Pacing percentage

I recently had a pacemaker checkup. They said that I was pacing 90% of the time in the top chamber. I have always run around 65% of the time. What does this mean? I was wonder if my hear was getting weaker. I've had my PC since Dec. 2006


2 Comments

Probably Means Nothing

by Tommy-2 - 2011-08-08 04:08:07


It could mean nothing or it could mean a couple of different things, none of them bad. If you have had a pacemaker checkup recently they could have increased the low setting and that will make your pacemaker pace more. More likely it means your heart's natural pacemaker is not working as well as it was and your pacemaker is having to do more of what you got it for in the first place. It does not mean your heart is getting weaker. One other thing, it could be a temporary situation and you will be back to your 65% pacing next time. Above all, don't worry about it because like I said you got the pacemaker to make your heart beat faster and it is just doing a little more of the work you got it to do. The only real downside is the increase pacing may shorten the battery life a little, but not enough to be concerned about.

Tommy

Depends on why you are paced

by donr - 2011-08-14 12:08:41

Also depends on what your natural heart rate is & which part of your heart is paced - A or V.

F'rinstance - I'm a natural 72. Have been all my adult life. They cannot adjust a PM to any rate other than a multiple of 5. They set me originally at 80 - made me feel perpetually anxious & agitated. Dropped me down to 75. Now felt normal. Now, that's pacing in the Atrial chambers. Since that's where all heart electrical activity starts, guess what - I get paced a VERY high percentage of the time because the PM is looking for a pulse out of the AV node at a rate of 75 BPM. My AS node wants to put one out at a rate of 72; slower than 75, so I get a higher BPM than natural. Feels fine, however, but is NO BIG DEAL. Been over 8 yrs, so I cannot recall why WE (Cardio & I) selected 75 as opposed to 70, but we did & it works fine.

Now - I have a dual lead PM - A & V leads, since I have an AV block & got irregular beats from my V chambers. That got complicated by a Post-PM condition after about 6 yrs of excessive PVC's. The PVC's were killed by drugs, that also give me bradycardia (Slow heart rate). My drug created "Natural" rate is now about 55 BPM. Too slow compared to my real natural rate of 72, so that would make me REALLY feel like crap all the time & want to go to sleep & feel like a slug otherwise. That's taken care of by the PM, keeping me at 75 BPM. But I still have the block, which slows down SOME of the A-V pulses, causing my V chambers to be paced about 13% of the time. The net result is that when looking at my download history, it shows that my atrial chambers are paced 99+% of the time. (That means that my AS node occasionally gets to run the train.) The data looks like:

AP-VS - 86%
AP-VP- 13%

AP= A paced; VS= V sensed; VP= V Paced

The A Sensed data is all fractional percentages.
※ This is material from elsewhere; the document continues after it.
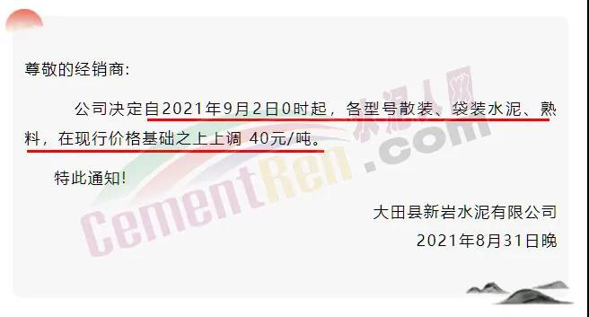 大田縣新巖水泥有限公司通知稱,公司決定自2021年9月2日0時起,各型號散裝、袋裝水泥、熟料,在現(xiàn)行價格基礎之上上調(diào) 40元/噸。

When I first got my PM, I was concerned about the high percentages of being paced. But, I sat down & looked at WHY it was happening & realized it really meant nothing, just a by-product of numbers. I realized that each beat of the heart is essentially independent of all others. The heart's "Timer," the AS node, gets reset after every beat & runs down to the point where it sends out the next pulse. You PM is sitting there, watching, waiting, preparing, for the next pulse. The accuracy of your PM's digital timer is greater than that of your AS node, so if that expected pulse doesn't come out on time (or maybe early) the PM takes over & sends out a pulse, starting the whole heart beat sequence.

I would say "Ask your Cardio why" - watch him/her squirm - they probably will not know the answer.